▶ **Exercise**: Reproduce the listing below from the line with "Cozinha Gourmet: Uma" to the line with "Moorea, a csendes", both lines included, character for character, minus any pictures.

▶ **Material for this exercise**:

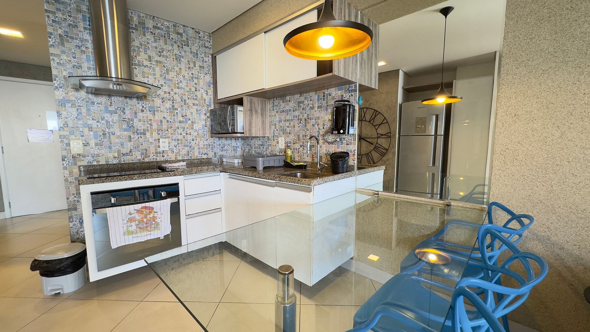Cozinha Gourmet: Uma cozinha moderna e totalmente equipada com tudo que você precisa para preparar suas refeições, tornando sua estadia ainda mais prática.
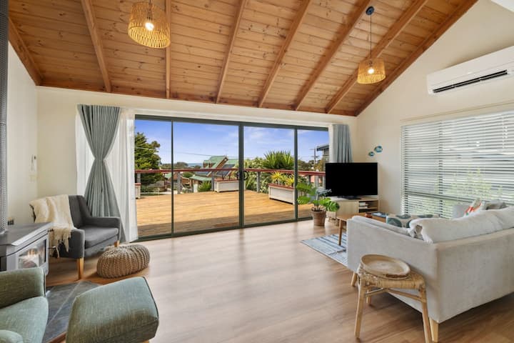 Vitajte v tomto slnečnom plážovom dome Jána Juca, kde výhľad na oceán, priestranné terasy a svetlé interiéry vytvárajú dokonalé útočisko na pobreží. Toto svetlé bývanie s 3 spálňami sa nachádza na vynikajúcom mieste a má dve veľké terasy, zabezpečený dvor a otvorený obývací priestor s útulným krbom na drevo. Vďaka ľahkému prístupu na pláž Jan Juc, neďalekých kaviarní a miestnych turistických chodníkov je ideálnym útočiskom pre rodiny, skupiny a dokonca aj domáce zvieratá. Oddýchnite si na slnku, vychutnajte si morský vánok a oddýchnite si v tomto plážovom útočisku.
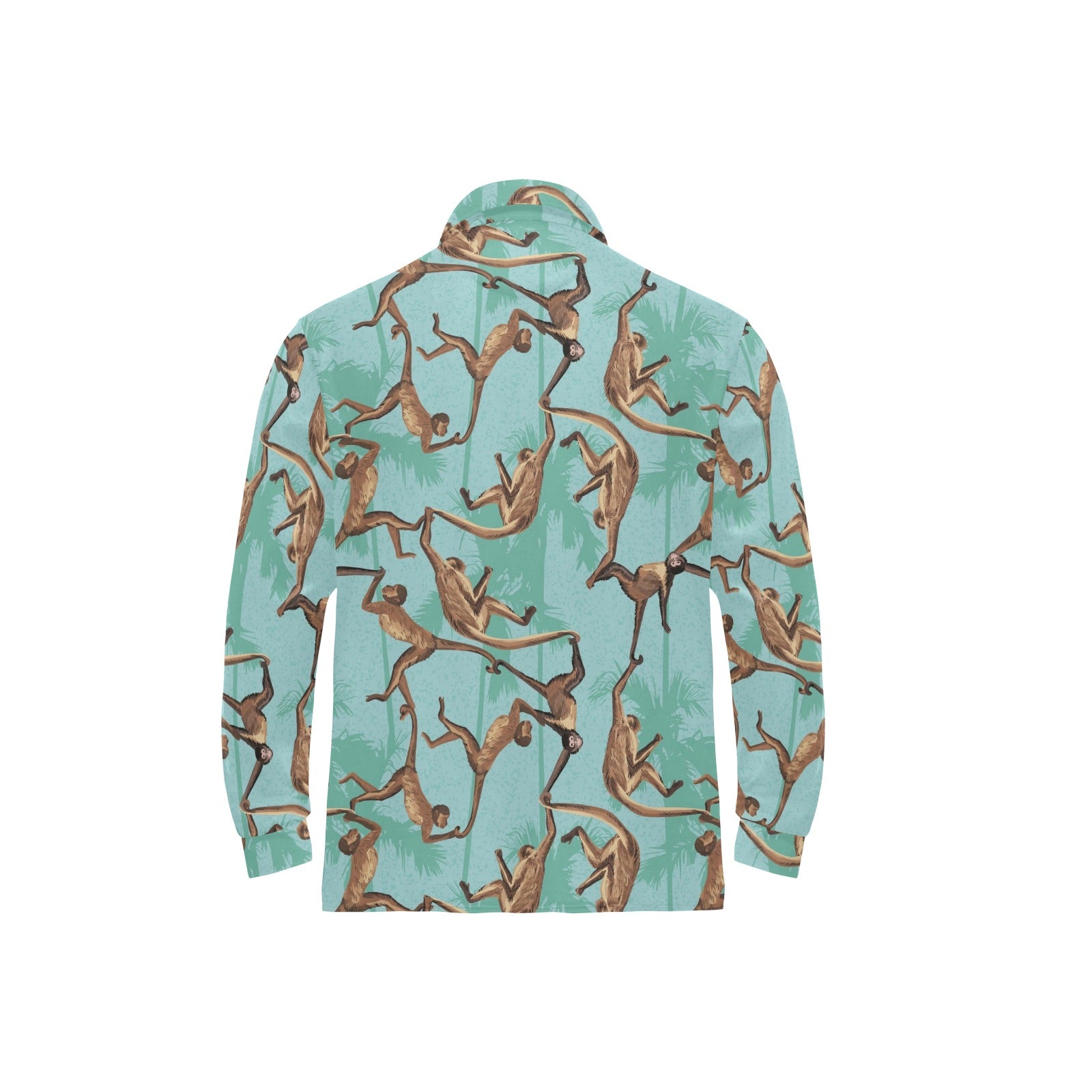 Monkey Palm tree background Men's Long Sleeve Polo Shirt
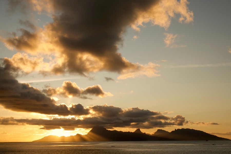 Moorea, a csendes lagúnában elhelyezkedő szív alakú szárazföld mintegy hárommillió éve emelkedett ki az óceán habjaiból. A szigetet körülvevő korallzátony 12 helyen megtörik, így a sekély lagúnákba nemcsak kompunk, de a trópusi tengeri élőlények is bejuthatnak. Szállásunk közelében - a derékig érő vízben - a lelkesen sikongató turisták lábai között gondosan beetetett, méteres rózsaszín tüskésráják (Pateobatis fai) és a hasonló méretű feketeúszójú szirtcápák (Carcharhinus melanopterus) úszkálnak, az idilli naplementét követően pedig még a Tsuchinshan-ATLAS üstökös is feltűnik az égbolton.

...

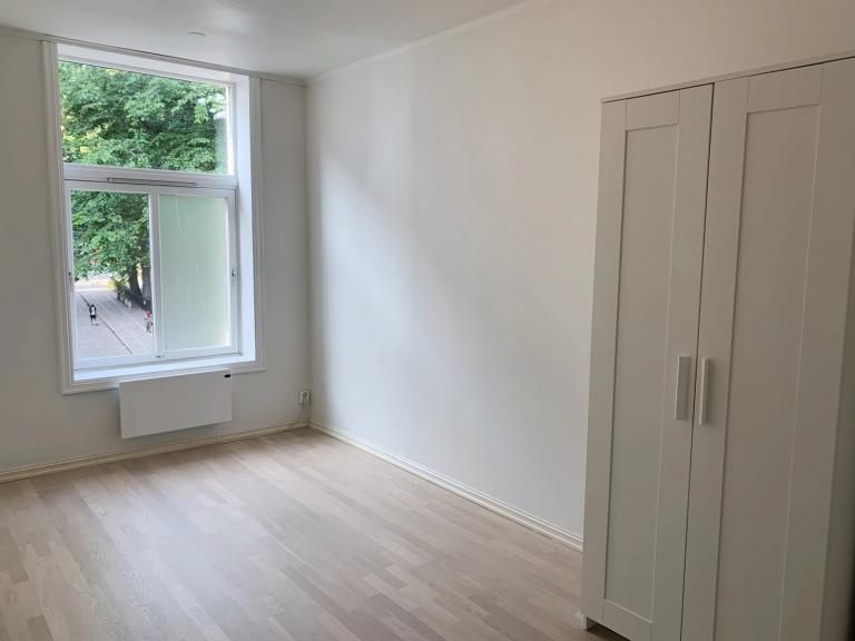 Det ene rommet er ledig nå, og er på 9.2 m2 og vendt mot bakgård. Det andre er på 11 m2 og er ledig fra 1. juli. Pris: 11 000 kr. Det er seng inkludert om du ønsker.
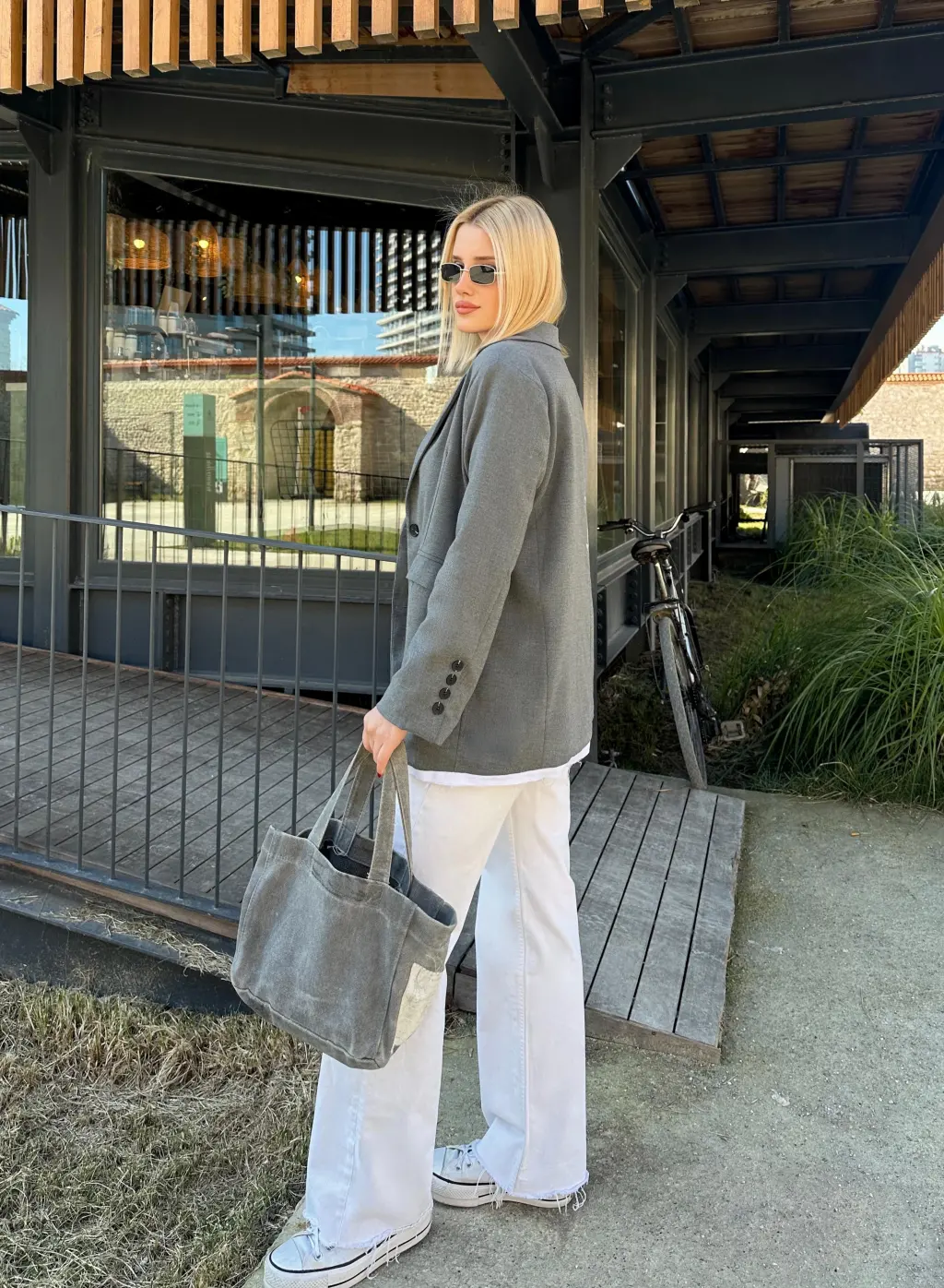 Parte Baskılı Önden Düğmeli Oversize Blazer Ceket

---

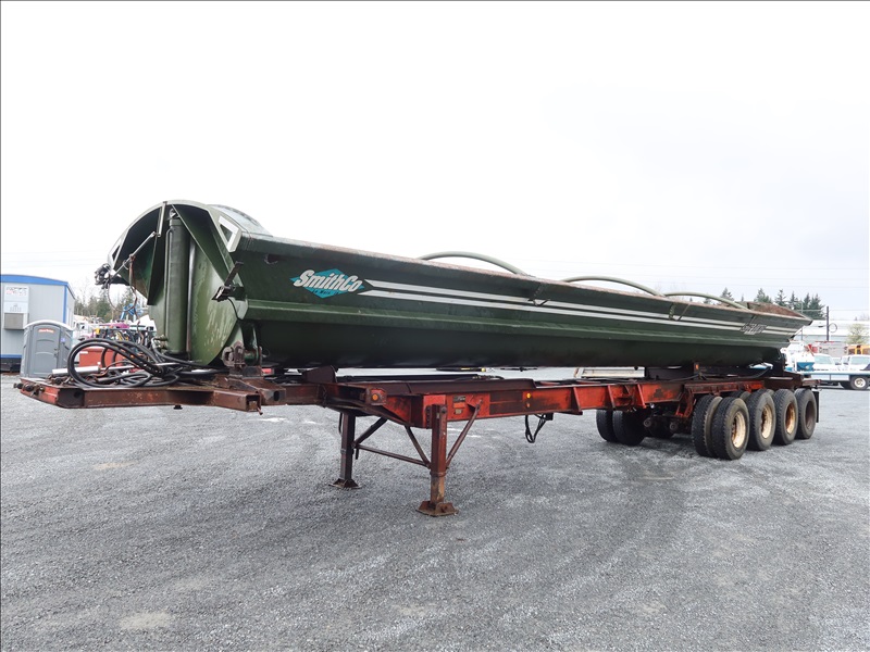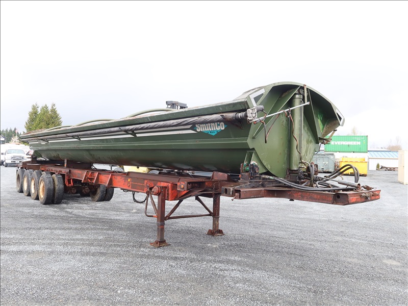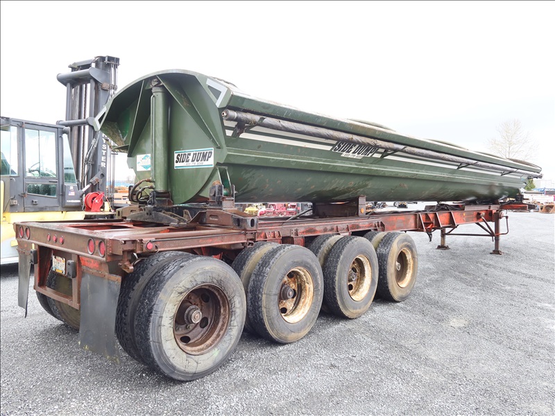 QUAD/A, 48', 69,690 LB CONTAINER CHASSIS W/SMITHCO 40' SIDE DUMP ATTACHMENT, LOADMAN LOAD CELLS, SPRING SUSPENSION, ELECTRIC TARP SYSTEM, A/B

▶ **Result of this exercise**:
Cozinha Gourmet: Uma cozinha moderna e totalmente equipada com tudo que você precisa para preparar suas refeições, tornando sua estadia ainda mais prática.
 Vitajte v tomto slnečnom plážovom dome Jána Juca, kde výhľad na oceán, priestranné terasy a svetlé interiéry vytvárajú dokonalé útočisko na pobreží. Toto svetlé bývanie s 3 spálňami sa nachádza na vynikajúcom mieste a má dve veľké terasy, zabezpečený dvor a otvorený obývací priestor s útulným krbom na drevo. Vďaka ľahkému prístupu na pláž Jan Juc, neďalekých kaviarní a miestnych turistických chodníkov je ideálnym útočiskom pre rodiny, skupiny a dokonca aj domáce zvieratá. Oddýchnite si na slnku, vychutnajte si morský vánok a oddýchnite si v tomto plážovom útočisku.
 Monkey Palm tree background Men's Long Sleeve Polo Shirt
 Moorea, a csendes lagúnában elhelyezkedő szív alakú szárazföld mintegy hárommillió éve emelkedett ki az óceán habjaiból. A szigetet körülvevő korallzátony 12 helyen megtörik, így a sekély lagúnákba nemcsak kompunk, de a trópusi tengeri élőlények is bejuthatnak. Szállásunk közelében - a derékig érő vízben - a lelkesen sikongató turisták lábai között gondosan beetetett, méteres rózsaszín tüskésráják (Pateobatis fai) és a hasonló méretű feketeúszójú szirtcápák (Carcharhinus melanopterus) úszkálnak, az idilli naplementét követően pedig még a Tsuchinshan-ATLAS üstökös is feltűnik az égbolton.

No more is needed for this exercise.